The door opened a crack, spilling water out at the men pushing to get it open. Kate grabbed hold of the door, helping to muscle it past the flow until she could position herself better. Back against the doorjamb, Kate lifted her sandaled feet and set them to the lip of the door. Growling with effort, she levered herself between wall and door, shoving with her feet for added strength. The pink nail polish on her toes looked ridiculous given the situation and she focused on them, fighting the metal door that much more open.

The opening widened enough for two of the men to get through. Two of the men awkwardly climbed over her, passing a large, curved sheet of metal between them before charging for the hole. The course of water began to slow as it emptied out into the hallway, and she was able to release the door. Reesa stood paralyzed, her gaze fixed on the men patching the hole.

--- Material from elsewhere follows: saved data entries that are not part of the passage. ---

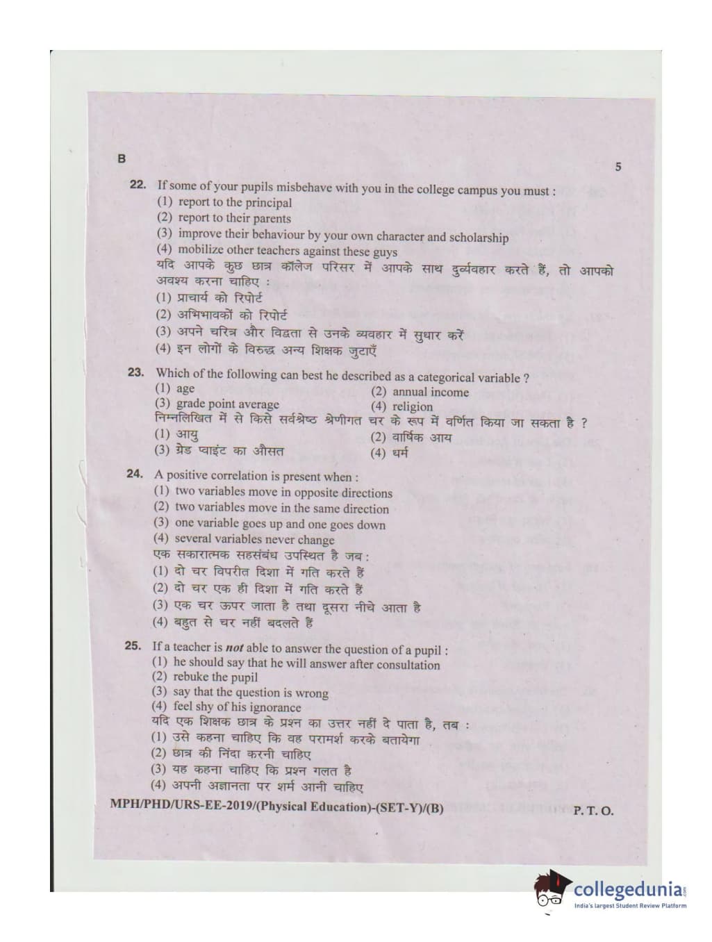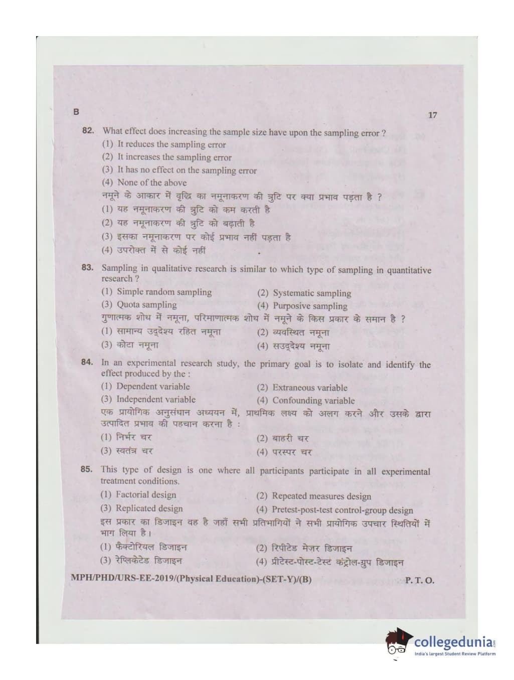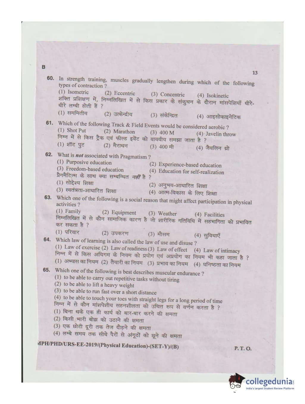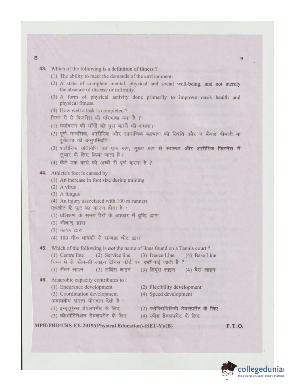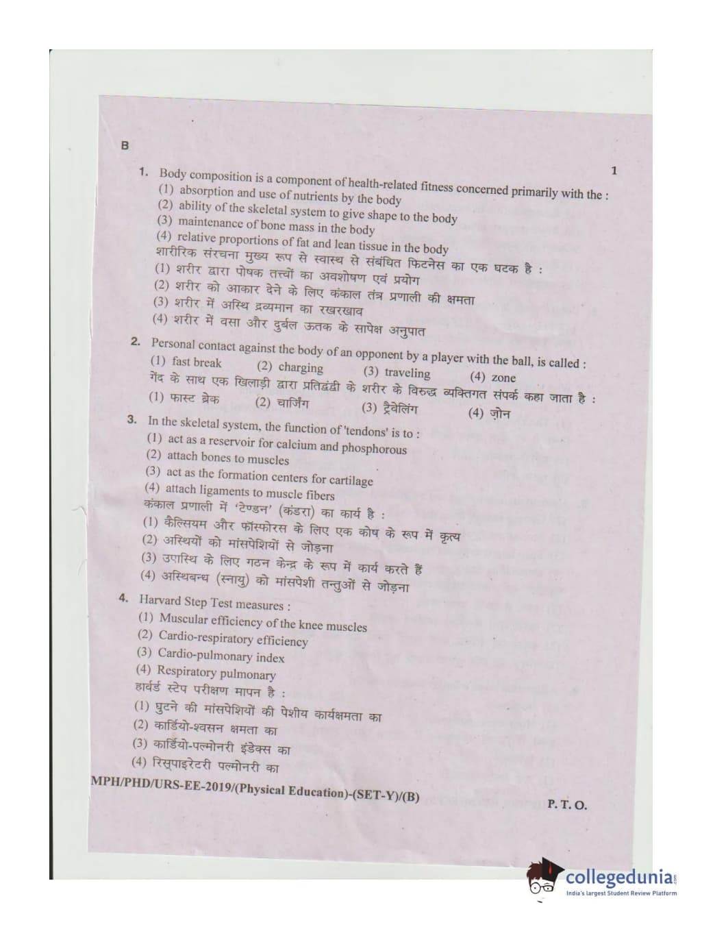 MDUCEE 2019 Ph.D./M.Phil./URS Physical Education Set B Question Paper with Answer Key PDFs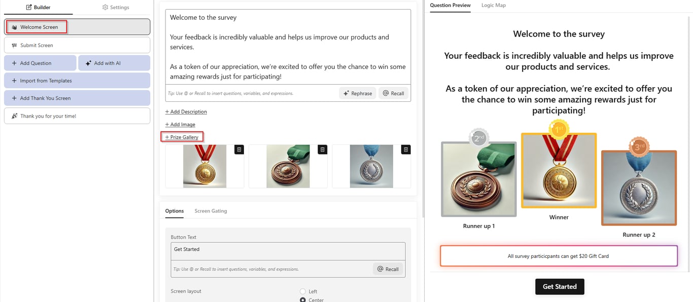 Showcase your rewards upfront! Add multiple images to the Welcome screen to display prizes or incentives before respondents begin the survey.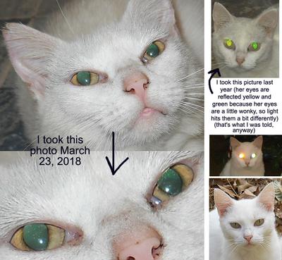 She's not 100% the healthiest white cat ever to exist, and I don't have oodles of money to take her to the vet and try to get her all 100% fixed (wish I did, though). However, I try what I can within my means to help her feel better, even if I can't cure her.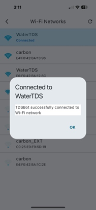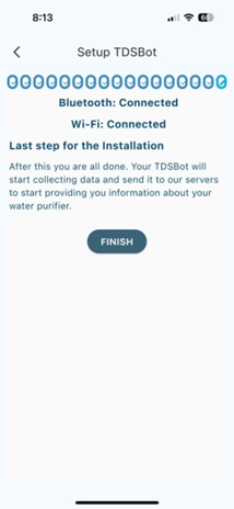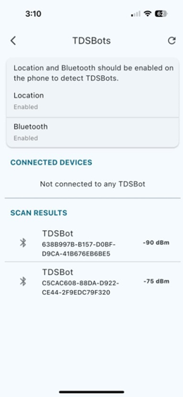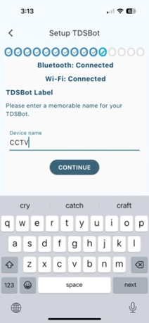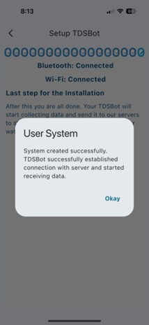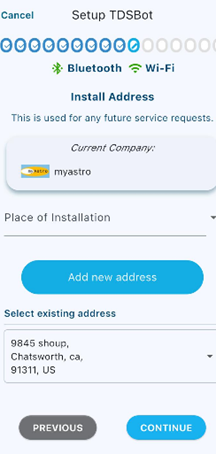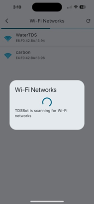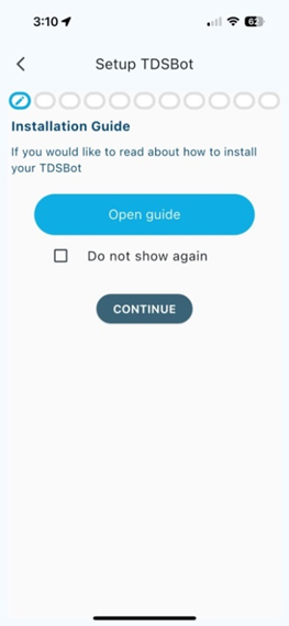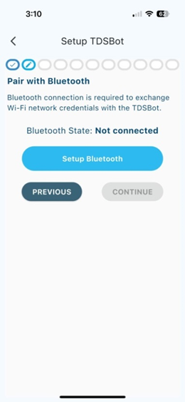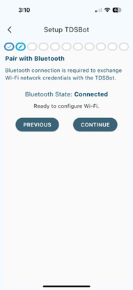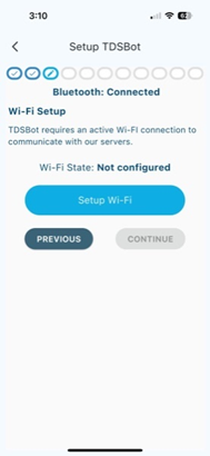 3] The next screen shows whether Bluetooth is connected and if not, we will pair the TDSBot to the APP. This step is needed to write the WIFI credentials to the TDSBot so it can send data to our backend server. Clicking on Setup Bluetooth opens a screen where the app shows the result of TDSBots that are available to be paired. Click on the TDSBot you wish to pair & initialize. After successful, the next screen will check if the TDSBot is available for installation. After that click on Continue to configure the Wi Fi setup. App scans available SSIDs. After you see your Wi-Fi SSID, select and enter the password. If successful you will see screen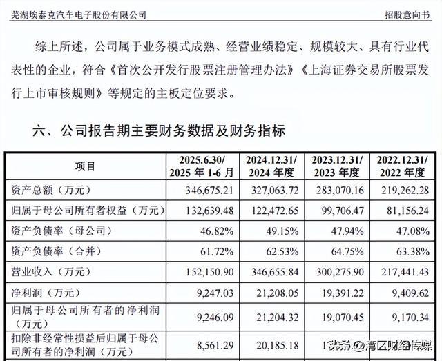 2022年至2024年及2025年上半年,埃泰克的营业收入分别为21.74亿元、30.03亿元、34.67亿元和15.22亿元,归母净利润分别为9170.34万元、1.91亿元、2.12亿元、9246.09万元。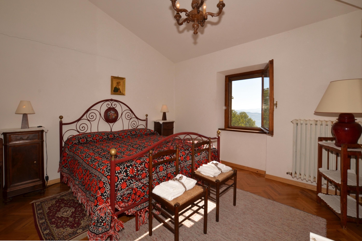 Bedroom 1: A sun-filled room, traditionally furnished with a wrought iron double bed, wardrobe and stunning views out over the valley.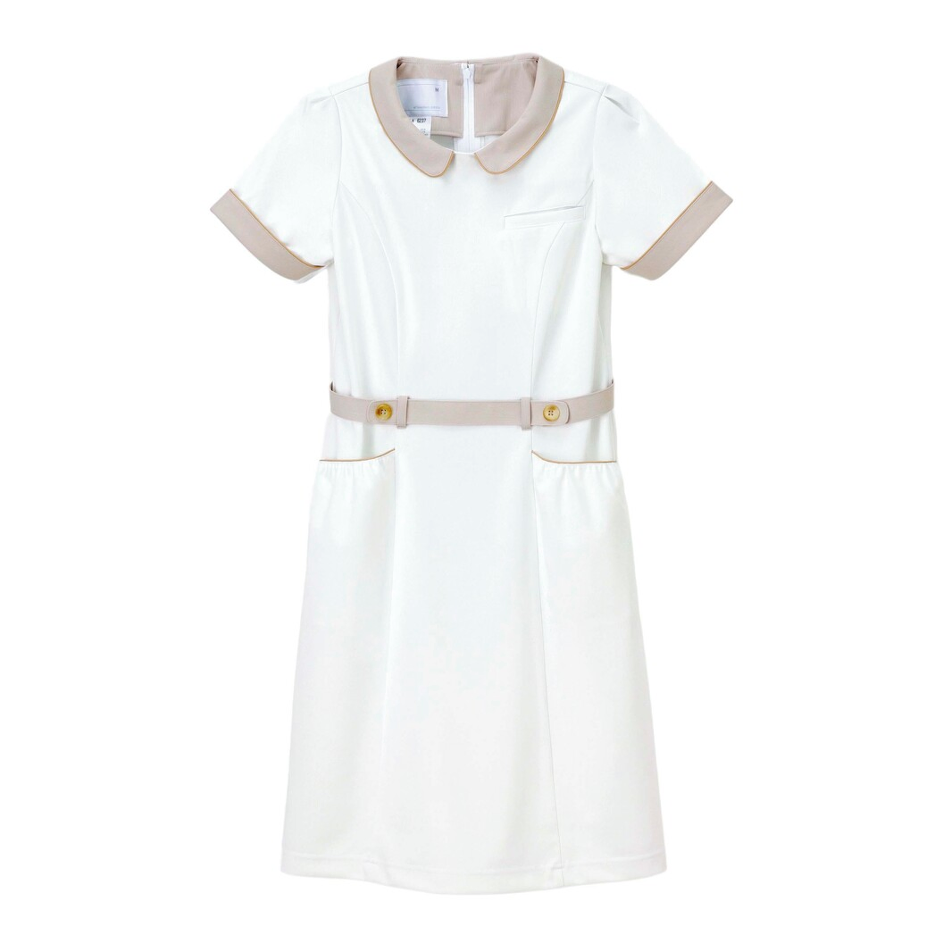 フラットカラーとウエストベルト、そしてポケット口のギャザーなど女性らしい優しさが感じられるディティールが散りばめられたワンピースです。 透け防止フルダルポリエステル糸使いにより、極めて高い透け防止効果があります。極めて高いストレッチ性が有ります。特殊な糸使いにより、肌に触れるとヒヤっとする接触冷感素材です。ニット素材のため、通気性があり、防皺性にも優れています。洗濯耐久性のある制菌加工を施し、清潔で快適に着用していただけます。着用時のまとわりつきや、パチパチ放電を低減させるために制電糸を使用しています。業務用洗濯にも耐えうる形態安定素材です。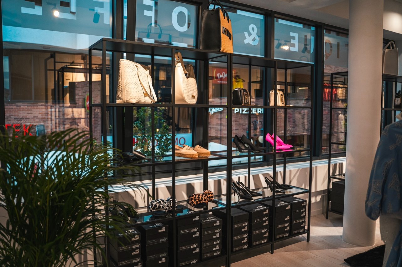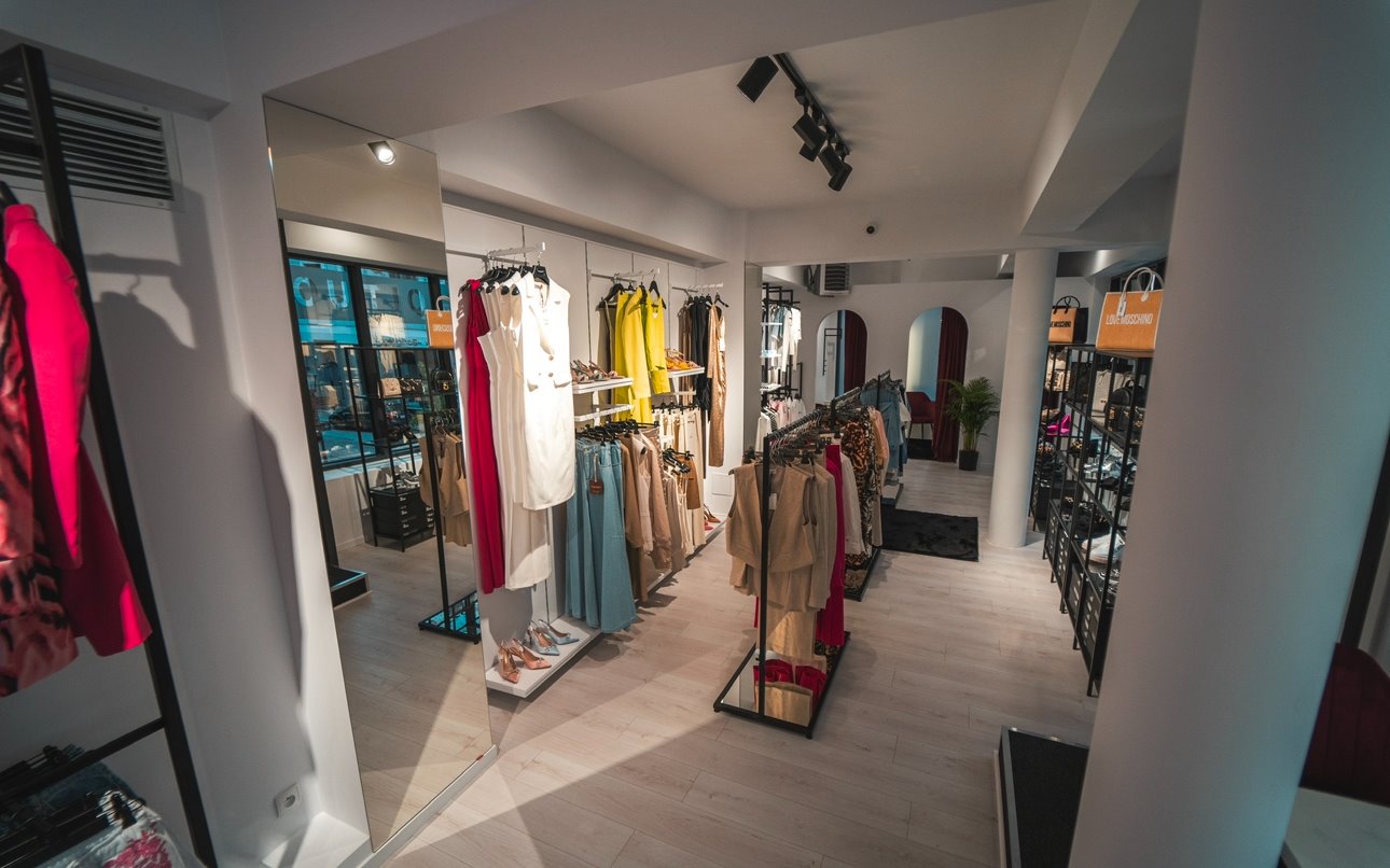 - pełny asortyment odzieży, w tym: sukienki, spódnice, bluzki, koszule, topy, swetry, bluzy, płaszcze, marynarki, spodnie, rajstopy, obuwie i torebki włoskich marek oraz kosmetyki.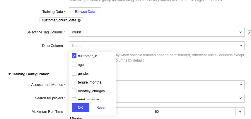 Drop Column: Multiple selection for columns that do not need to be used as features (e.g., "Customer ID", dropped columns will not participate in training).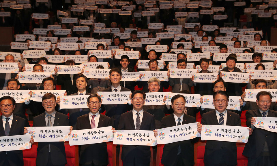 양승조 지사는 “2020년에는 도민이 직접 체감하고 공감할 수 있도록 모든 공직자가 전국에서 가장 청렴한 충남을 만들기 위해 경주하겠다”며 “이를 위해 도민과 함께 적극적인 민관협력 청렴 거버넌스를 구축·운영하겠다”고 말했다.

Kate glanced at the third man; a scrawny, awkwardly tall man who made his white uniform look ridiculous. As odd as it was, she knew who that man was pretending to be; Alexander Keats, the engineer. He was her favorite character because he was the unassuming hero, the dependable one who always got them out of trouble.

Not that his portrayal of the fictional character was in any way able to excuse abduction.

She scowled at him, which seemed to take him by surprise, and moved to Reesa's side. Gathering the still trembling woman to her side, Kate tried for rational thought.